We have become very outspoken about anxiety and depression. We have seen first hand the stigma, and the misunderstanding by so many. So many think my son is "milking" bad days for all they are worth. Think he is lazy and we are enabling him. We are fighting the stigma that mental illness is made up. We are fighting the stigma of taking medicine. I cannot tell you how many times I have used the analogy (With my son and others) that him taking medicine is no different than a diabetic needing insulin for their chemical imbalance. We are fighting the stigma that makes people feel that anxious people are just dramatic. These people with their stigmas, they don't see his panic attacks...when he's crying so hard, shaking uncontrollably and cannot catch his breath. They do not see him unable to eat at a restaurant because he is physically ill with anxiety that he is trying to keep from a full-blown panic attack. They do not see him crying out to us for fear of what he may do to himself. They do not know how many times I have called off work or taken him to work with me, because I cannot leave him home alone. They have not had the fear of letting him stay home alone one time, and then him falling asleep and not answering me when I tried to check in with him...they do not know how guilty you feel as a parent calling a friend to go check up on him, fearful they may find him dead. Its been a long and terrifying road. Right now we are ok. Feeling ok. But school starts next month, and this nightmare will begin again. And it is draining. On my son. On me. On my husband. In our marriage. In our household. And I try so hard to not let on that it is draining, to not make my son feel this is overwhelming. I try so hard to make sure he knows we get him, and we just need to change things occasionally to accommodate for his anxiety. No different than we accommodate for our friend who doesn't eat fish when we go out to eat. Or a friend that doesn't like to fly when we try to plan vacations. We make accommodations and they are no big deal.
"Anyways, I'm rambling now. There is healing in knowing we aren't alone.

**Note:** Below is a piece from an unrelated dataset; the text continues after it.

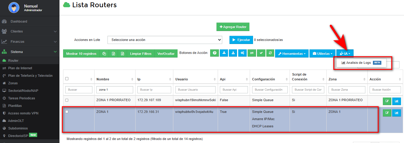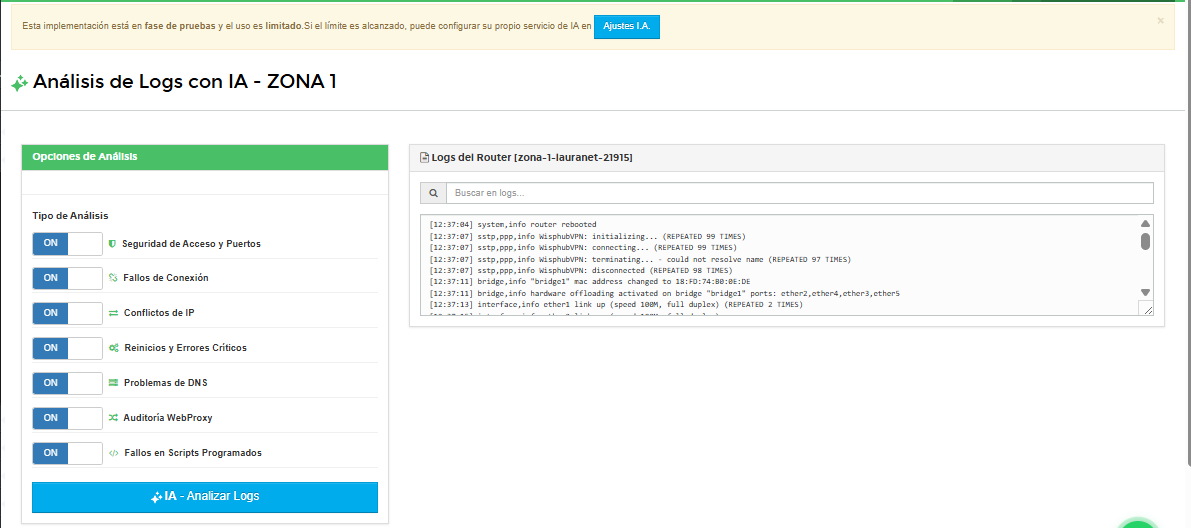 Ahora en WispHub es posible hacer que la Inteligencia Artificial análice los logs y configuración de su MikroTik para detectar problemas con Accesos y Puertos, Conflictos de IP, Problemas de DNS, entre otros.

There is healing in knowing we are doing something to make a difference. There is healing in being supported. When we can reach others in this place, we know there is a purpose in our own pain, and that makes this a little less painful. So, thank you for doing what you are doing. For those living in it....for those that are suffering and feel like they are sinking at times...this work, it is life-saving.
It is amazing what others go through, this is someone that I have ties to before I ever started this business and mission. I would have never thought this is something they would be going through and goes to show we never know what the stranger next to us is experiencing. Remember the power of support and never be afraid to share your story!